4. Discussion
Almost one third of PMMs reported in Table 2, involves R (18.4%) and G (14.5%) with the remaining variants almost uniformly distributed among the other amino acids, see Fig. 1b. The peculiar characteristics of arginine and glycine have been invoked to explain this finding [27], as the former is prone to be replaced, despite its six different protecting codons, due to the high C-T and G-A transition probability observed for 5’-CpG dinucleotides [28]. However, data shown in Fig. 1a indicate that arginine is still very frequently encountered in BMMs (15.1%), while glycine occurrence reaches only a rather average value (6.5%), suggesting that different mechanisms contribute to their pathogenicity.
A comparative topological analysis of BMMs and PMMs, summarized in Table 3, clearly indicates that arginine mutations increase pathogenicity whenever they occur at PISA-defined interfaces and, particularly, at protein-DNA interfaces. In the protein-DNA interface, indeed, arginine is more than six times more frequent in PMM than BMM. This feature is in total agreement with the very critical role that this amino acid has in the interaction with nucleic acids [29]. Moreover, arginine PMM tends not to stay in buried protein moieties or in protein-protein interfaces, whereas glycine PMMs exhibit the opposite trend. It is interesting to note that the latter glycyl mutations are well above the average more frequently found in protein-ligand interfaces, in agreement with the suggested role of this amino acid to stabilize concave moieties of the protein surface [30]. Prevalent localization of pathological glycine mutations indicates that its replacement with amino acids bearing larger side chains causes structural stress and, hence, functional changes in mutated proteins.
The fact that among BMMs there are also three cases of arginine substitutions at the protein-DNA interface, seems to contradict the relevance of this amino acid in the latter interface. Hence, we have manually checked the structural features of these three BMMs that are associated with two transcription regulators, ZFP568 [31] and DUX4 [32], structurally resolved in PDB ID: 5V3J and PDB ID: 5ZFZ respectively. We have used the two PDB structures to generate the R98/Q mutant structure in ZFP568, and R411/Q and R599/H mutant structures of DUX4. Fig. 2 shows how R/Q and R/H replacements can maintain protein-DNA binding with the glutamyl amide group and with the histidyl imidazole group. It is important to note that in both cases the original arginine duty was not to keep these two proteins tightly bound to DNA, as it would be needed in the case of histones, being transcription regulators rather mobile proteins along DNA trails.

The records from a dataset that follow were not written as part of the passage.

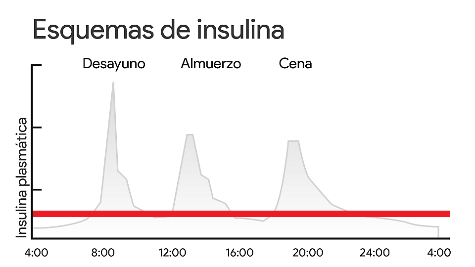 - El esquema basal incluye 1 o 2 dosis de insulina basal, pretendiendo simular la secreción pancreática basal de insulina, cuyo objetivo principal es frenar la neoglucogénesis hepática y no el de cubrir la secreción prandial en respuesta a comidas. En general es el esquema con que se inicia el tratamiento insulínico, ya que en personas con DM2 es posible que ante una carga moderada de carbohidratos la secreción pancreática residual pueda cubrir los picos glicémicos prandiales. El uso de 3 dosis de NPH diarias no es aconsejable dado el alto riesgo de hipoglicemias asociado al uso de este esquema.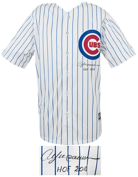 Andre Dawson signed Chicago Cubs white pinstripe Majestic replica baseball jersey with 'HOF 2010' inscription. Jersey is signed on the front and back of the jersey is blank. Item comes with a Schwartz Sports Memorabilia tamper-proof numbered hologram and Certificate of Authenticity which can be verified online.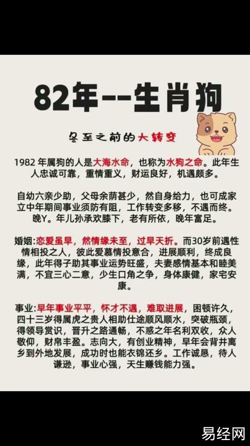 易经网推荐2025最新1982年狗年属狗运势 1982年属狗运程是什么意思?,最新生肖运势,下面是详细内容: 整体运势:吉星拱照,运势亨通 1982年出生的属狗人,在壬寅虎年迎来吉星高照之运。得福星庇佑,福运...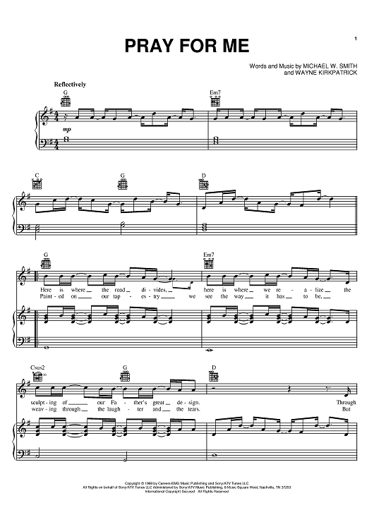 Digital Sheet Music for Pray For Me by Michael W. Smith, Wayne Kirkpatrick scored for Piano/Vocal/Chords; id:395075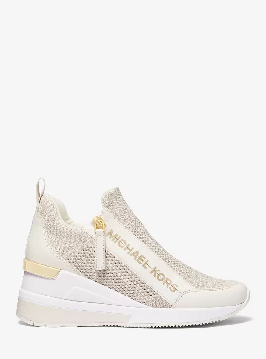 Defined by our brand lettering along the side, the Willis wedge trainer will kick any look up a notch. This pair is crafted from metallic stretch knit for a breathable fit and feel, while a zip fastening makes them easy to slip on and off. Wear yours with coordinating athletic separates for a casual-cool look.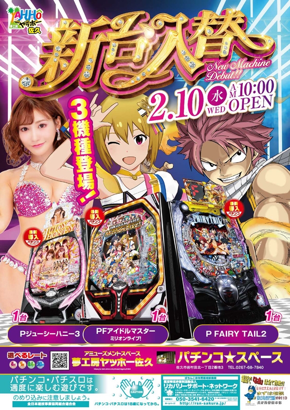 パチンコスペースに【PFアイドルマスターG】【Pフェアリーテイル2 JQD】【Pジューシーハニー3MEY2】が新登場!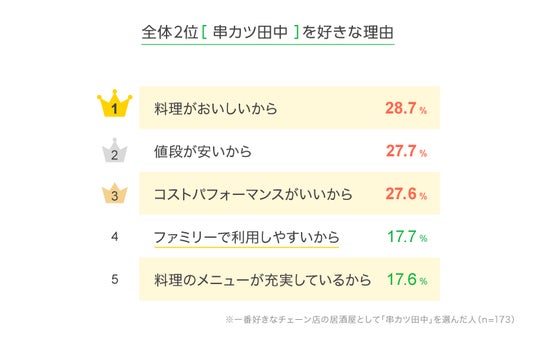 全国2位の「串カツ田中」を好きな理由としては、「料理がおいしいから」が2割台後半で1位となりました。2位「値段が安いから」、3位「コストパフォーマンスがいいから」も1位と僅差で続きます。4位の「ファミリーで利用しやすいから」は、上位のチェーン店の居酒屋と比べて高い割合となっていました。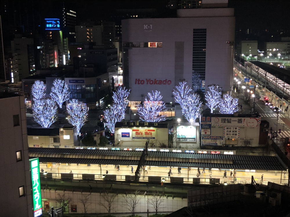大井町駅前のイルミネーションは下から見上げても綺麗なのでおすすめです。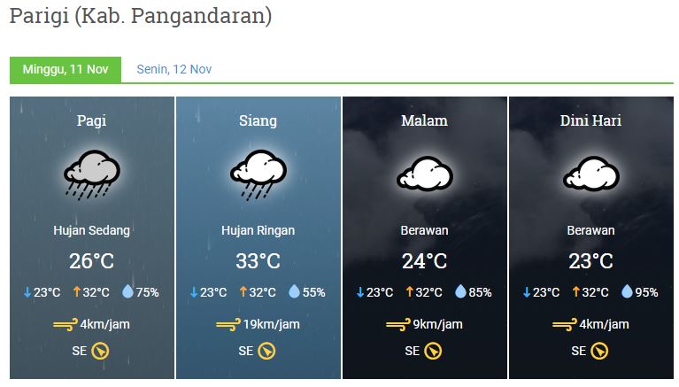 Kecepatan Angin : 4 km/jm – 19 km/jam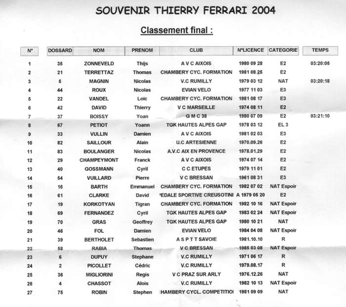 Résultats SOUVENIR THIERRY FERRARI
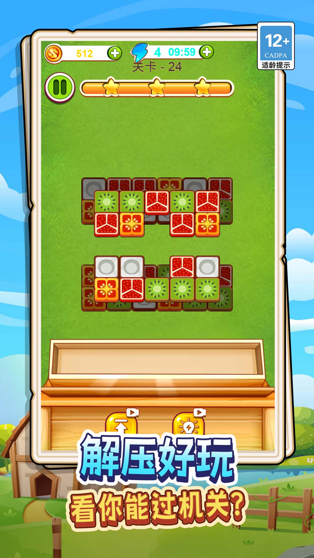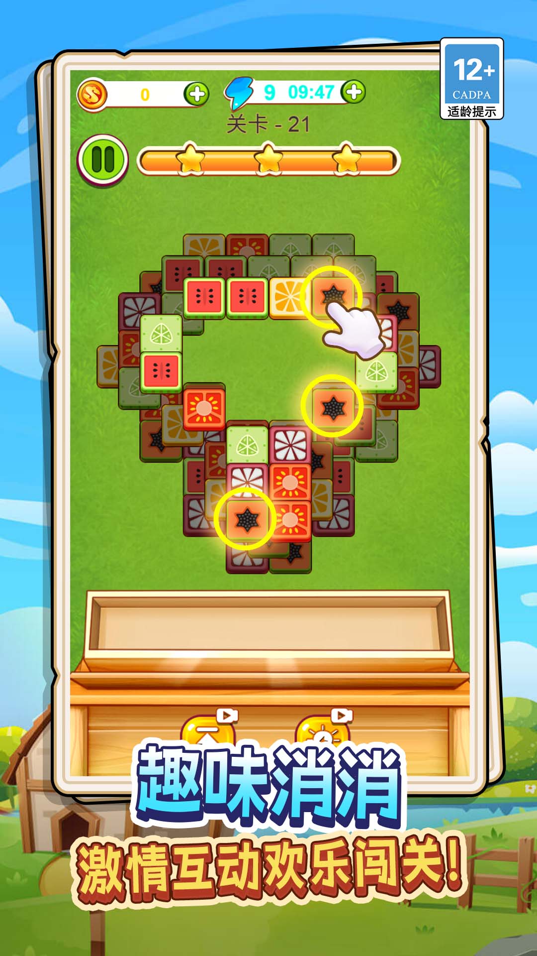 3、消除图案时可能触发动态效果,如图案旋转、跳跃或发出趣味音效,成功通关后,奖励多多,提升玩家成就感。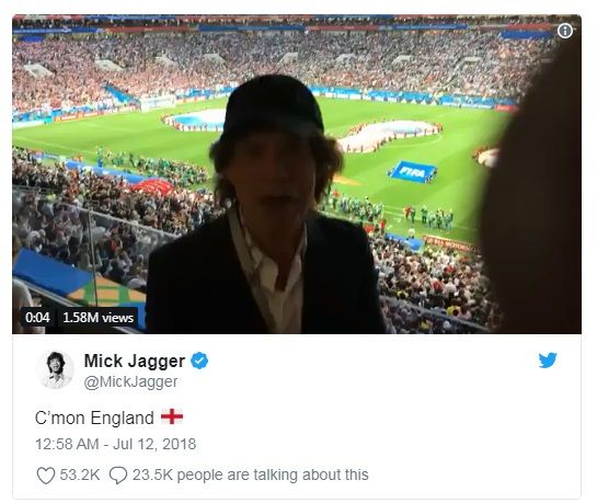 "C'mon England," kata Mick Jagger memberikan semangat kepada timnas Inggris.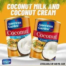American Garden Coconut Milk 400ML is a versatile, plant-based cooking ingredient made from pressed ripe coconut meat. Packaged in a 400ml can, it offers a smooth consistency and authentic coconut flavor, ideal for enhancing both sweet and savory dishes. Common uses include curries, soups, smoothies, vegan recipes, and baked goods. The product contains coconut extract, water, stabilizer (E412), emulsifier (E435), and citric acid (E330) as an acidity regulator. It is suitable for vegan diets and is free from cholesterol and added sugars.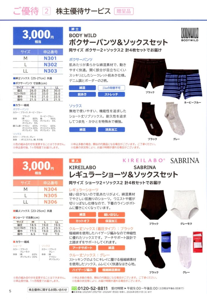 グンゼでは、毎年3月末・9月末の権利確定日に以下の内容の優待がもらえます。
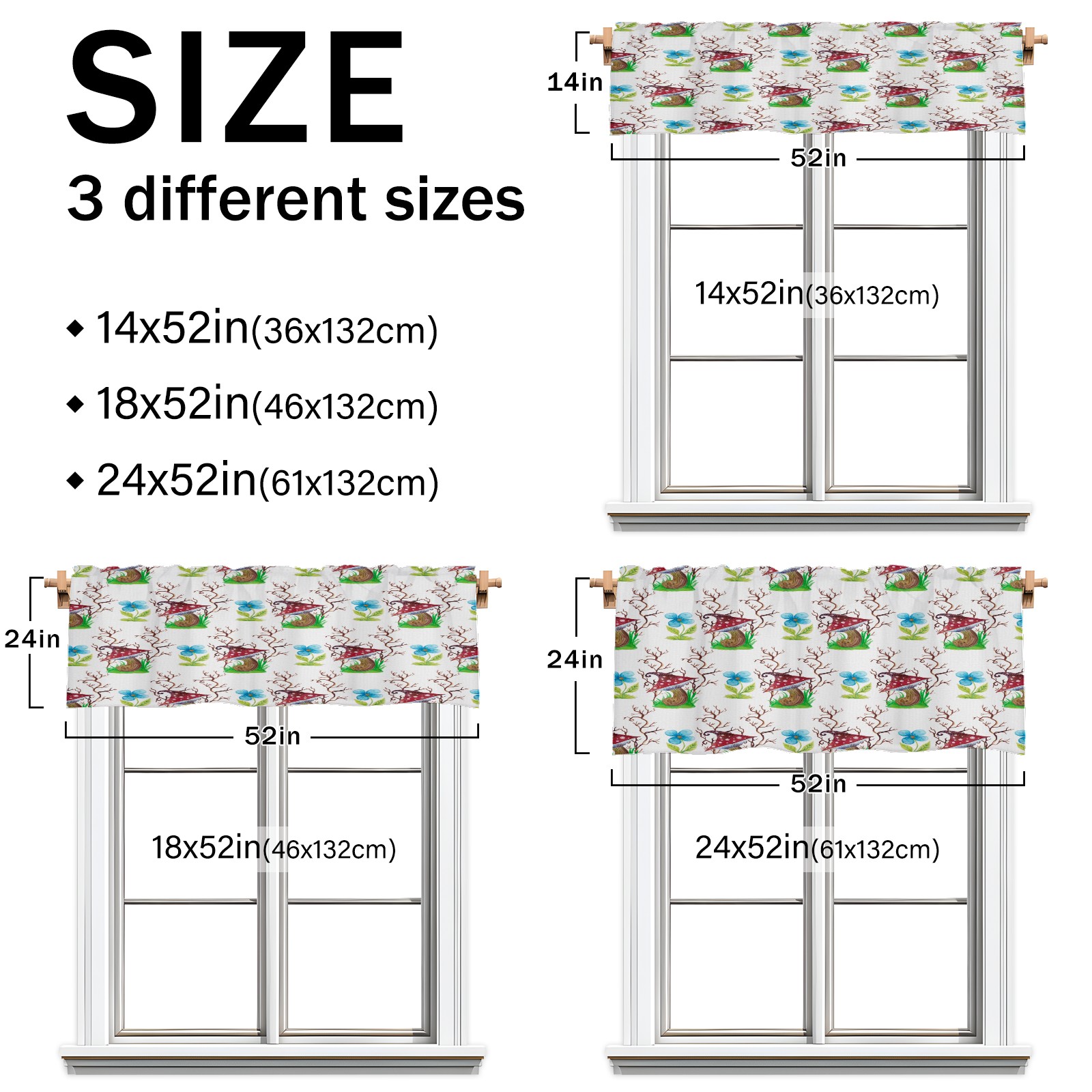 • <p>This rod-pocket curtain combines functionality and style, making it an ideal choice for home window decoration. Available in three practical sizes—14×52 inches, 18×52 inches, and 24×52 inches—it fits most standard curtain rods. Made from high-quality polyester, it's durable and comfortable, resisting wear and deformation from daily use. Its semi-blackout properties and moderate thickness balance light intensity, allowing for views while maintaining privacy, ensuring a balanced experience.</p><p>It's suitable for a variety of spaces and is ideal for covering the upper half of windows in areas like kitchens, bathrooms, laundry rooms, and studios. For a coordinated look, pair with matching curtain fabrics in the same pattern. Cleaning is also easy: machine washable in cold water without bleaching, tumble dry on low, and gently iron for finishing touches, making it easy to maintain even on a busy schedule.</p><p>Whether you're looking to refresh a small window or add a finishing touch to a room, this curtain effortlessly enhances the space with its practicality and aesthetic.</p>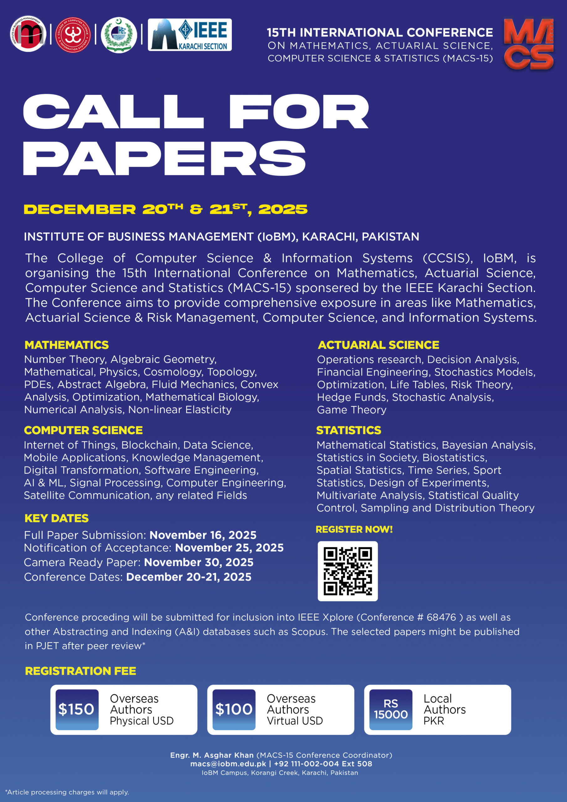 CCSIS is organizing the 15th International Conference on Mathematics, Actuarial Science, Computer Science, and Statistics (MACS-15) with technical sponsorship of the IEEE Karachi Section. The Conference is aimed to give the highest quality exposure to Mathematics, Actuarial Science & Risk Management, Computer Science, Engineering and Information Systems, and Technology. This event will attract practicing professionals, researchers, academicians, and students from Pakistan and abroad.

Thus, we have used the large array of items contained in the ClinVar database for generating maps of amino acid replacements, confirming that arginine and glycine are the most involved protein residues in missense mutations. As expected, by comparing BMMs and PMMs, we have also proved that amino acid similarity plays a significant role in determining pathogenicity. With the present Structural Bioinformatics approach, by using PISA as a protein interface analyzer, we have searched at an atomic resolution those features that are responsible for pathogenic mutations. Arginine and glycine, the most frequently involved in PMMs, resulted as representatives of two different mechanisms of pathogenicity. Arginine replacements, indeed, resulted to be pathogenic when they involve interaction processes and glycine substitutions can be deleterious whenever they can determine structural stresses in mutated proteins. In the edgotype view of missense mutation effects [14], arginine perturbs network edges and glycine modifies its nodes.
Structural characterization of PMMs can be expanded outside the current limits of the PISA database, by implementing algorithms that can work on reliably predicted structures for the advancement of genomic medicine.